Обличение азартных игр, наряду с театром, стало одной из ведущих тем многих церковных постановлений и трактатов[508]. В трактате «Об игроках», составленном римским епископом Виктором (II век), очень обстоятельно описаны все негативные следствия азартных игр в кости в религиозном, нравственном и экономическом отношениях: «На ней [игральной доске] стоит сам дьявол со смертоубийственным ядом змеи… Вокруг игорной доски царит безумный смех, ни во что ставится божба и слышится шипение, подобное змее; самые злые страсти, споры, ругательства и дикая зависть не умолкают около игорной доски и ссорят между собою братьев и друзей. На игорной доске растрачивается состояние, с трудом нажитое… Этого мало: игроки проводят у банкомета целые ночи в обществе блудниц, при запертых дверях… Кто играет в кости, тот наперед обязывается принести жертву изобретателю игры, следовательно, делается идолопоклонником, а этих последних, по слову Писания, ожидает смерть вечная… Не как игрок, а как христианин принеси лучше деньги твои на трапезу Господню, где председает Христос, где ангелы взирают и мученики присутствуют; раздели свое достояние между бедными»[509].
Отношение, сформированное в раннем христианстве к игрокам, играм и вообще к любым проявлениям игрового начала, последовательно поддерживалось русской православной церковью. Настольные игры, устраива-емые во время праздников, приравнивались к другим проявлениям дохристианской праздничной культуры и потому запрещались как проявление «бесовства», а их участники преследовались. Кости, а затем карты и даже такие интеллектуальные игры, как шахматы и шашки, при наличии денежных ставок, могли привести к потере имущества, а бедность, как известно, «мать всех пороков». Церковь осуждала карточную игру как неправильное расходование времени, отпущенного Богом для трудов и молитвы ради спасения души. «Руководство для сельских пастырей» (1871 год) предупреждало: «А который христианин праздничные дни употреб-ляет на празднословие, на пересуды, на пьянство, на распутство, на нескромные игры, на кулачные бои и на другие непотребные дела, тот мало того, что нарушает праздники Господни, а еще оскверняет их и вместо Бога служит диаволу, вместо спасения губит душу свою»[510].

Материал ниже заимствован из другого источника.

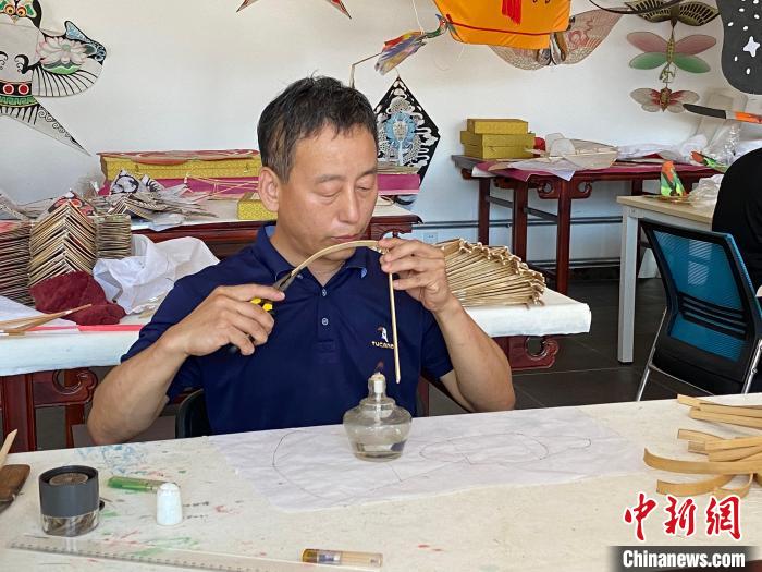 第什里風(fēng)箏第五代傳承人趙艷強(qiáng)正在烤制竹條。李玉素 攝
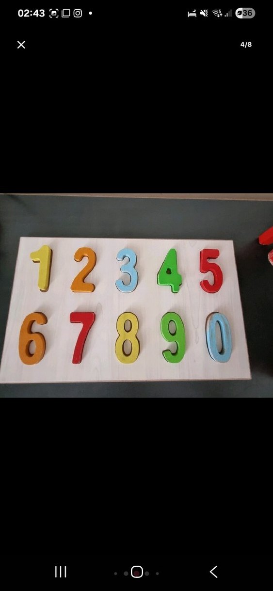 Yıpranmaları var ama kullanıma engel değil fiyat o sebep ile düşük . Bakmadan almayın . Renkli ahşap sayılar içeren eğitici oyuncak, 0'dan 9'a kadar rakamları öğrenmeye yardımcı olur. 12345 ve 67890 sayıları bulunur.
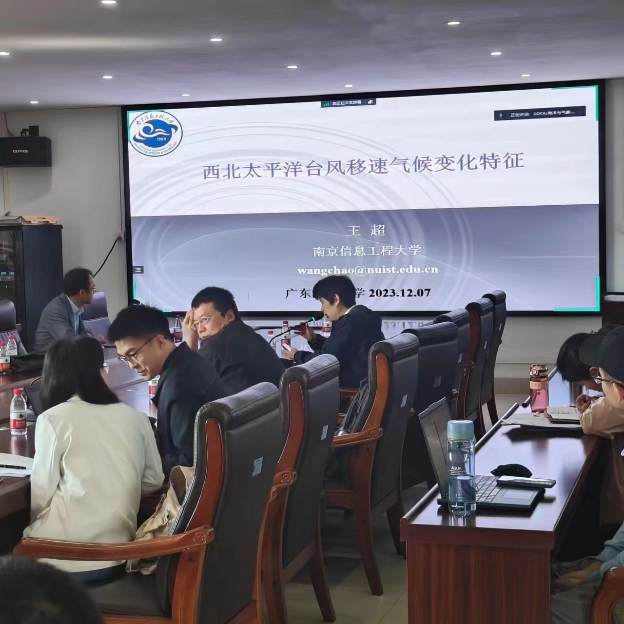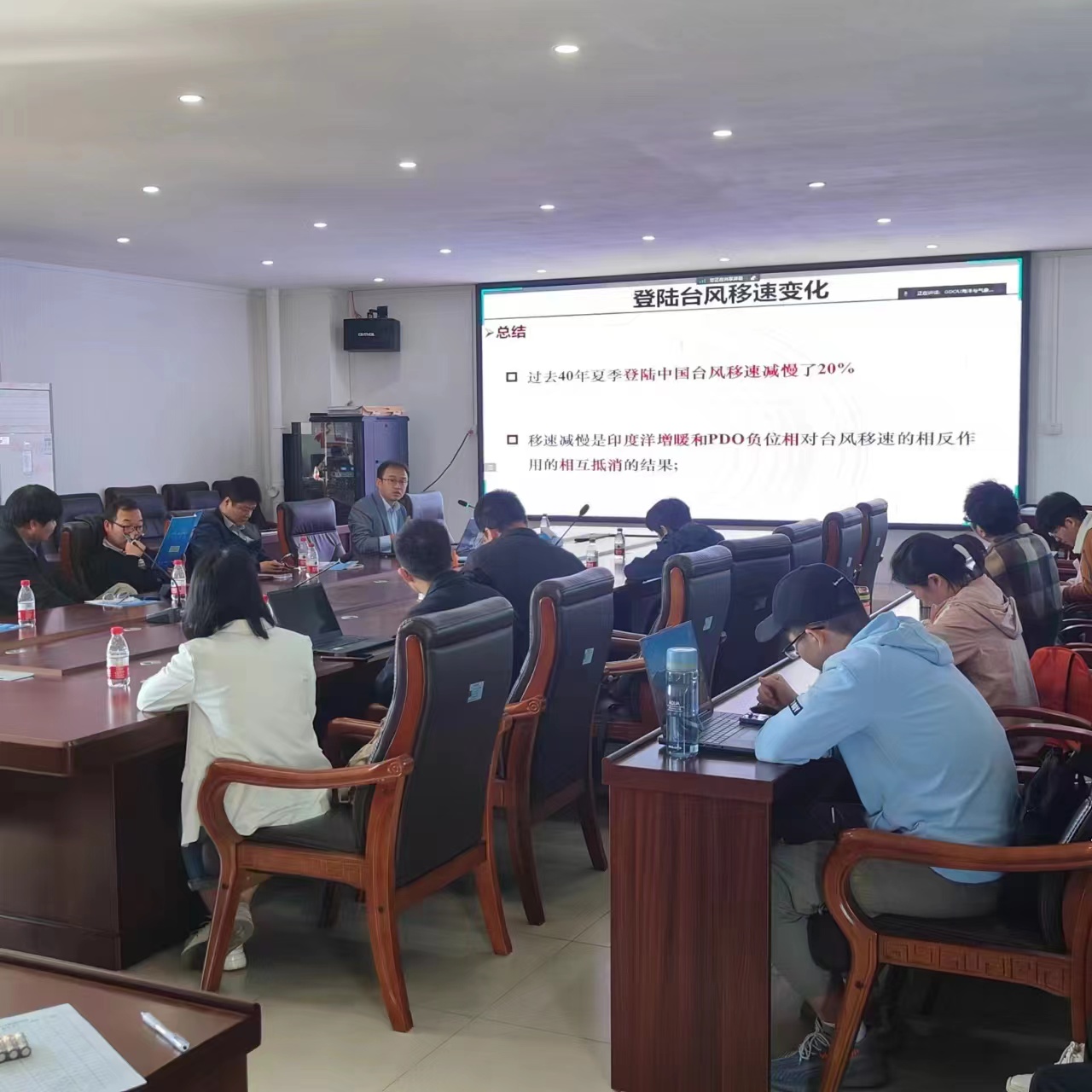 吴立广教授报告题目为:台风精细结构的数值模拟,他通过生动形象的例子深入浅出地讲解了龙卷尺度涡旋、台风眼墙极端上升气流、主雨带对流尺度结构、眼墙极端气压等内容。赵海坤教授报告题目为:热带波动在台风生成中的作用及其季节内预报尝试。他系统地讲解了季节内振荡对台风生成的大尺度调制作用、气候模式中的天气尺度波列、台风生成与热带波动的直接联系以及台风生成中季节内预报的尝试。曹剑教授对过去百年半球尺度季风降水的长期变化以及气温和气溶胶的对降水的影响进行了系统性的介绍。王超教授对西北太平洋台风移速的显著下降趋势进行了深入的探讨,并从引导气流和西北太平洋副热带高压两个方面进行了分析。几位教授同与会师生进行了热烈的学术讨论与交流,详细回答了公司师生提出的问题。此次学术讲座,开拓了师生们对台风领域以及季风降水的专业视野,对今后的学习、科研及学科发展有很大的启发和指导意义。

Игра могла не только сбивать с пути истинного, но и наставлять на него, что свидетельствовало о сохранении за ней ее древнего значения как «Божьего суда». В житии византийского юродивого Симеона находим такие строки: «Юноши остановились, и Иоанн, указывая пальцем, говорит Симеону: “Вот дорога, ведущая к жизни”, и он показал ему дорогу к святому Иордану, “а вот дорога, ведущая к смерти”, и показал на главную дорогу, по которой прошли родители их. “Помолимся, и каждый пусть станет на одной из этих дорог, и кинем жребий, и пойдем по той, что укажет жребий”… Они бросили жребий, и Симеону выпала десятка, а стоял он на дороге, ведущей к святому Иордану»[511].
Ценным источником по реконструкции традиционной мировоззренческой системы и роли и места в ней карточной игры являются русские волшебные и бытовые сказки. Количество сказочных текстов, связанных с игральными картами, сравнительно невелико (47, при общем количестве около 10 000, из них русских – более 4300[512]). Число этих записей имеет тенденцию к увеличению: вторая половина XVIII века – 2 текста, первая половина XIX века – 2, вторая половина XIX века – 18, начало XX века – 16. Такое распределение было связано не только с активизацией собирательско-издательской деятельности, но и с изменениями в быту, зафиксированными сказкой. К примеру, в сказочном повествовании закрепились такие ино-язычные заимствования, как «трактир», «графин», «бриллиант», «армия», «леворверт» и так далее. Если в самых ранних публикациях игра в карты присутствовала вместе с игрой в кости («В карты играют // Костью бросают»[513]), а мужицкий сын не знал, «что есть за карты», и обучался игре «в дураки» пять дней[514], то в сказках, относящихся ко второй половине XIX века, герой не раздумывая садился за знакомую ему игру, а о старомосковской игре в кости сказочник уже и не вспоминал.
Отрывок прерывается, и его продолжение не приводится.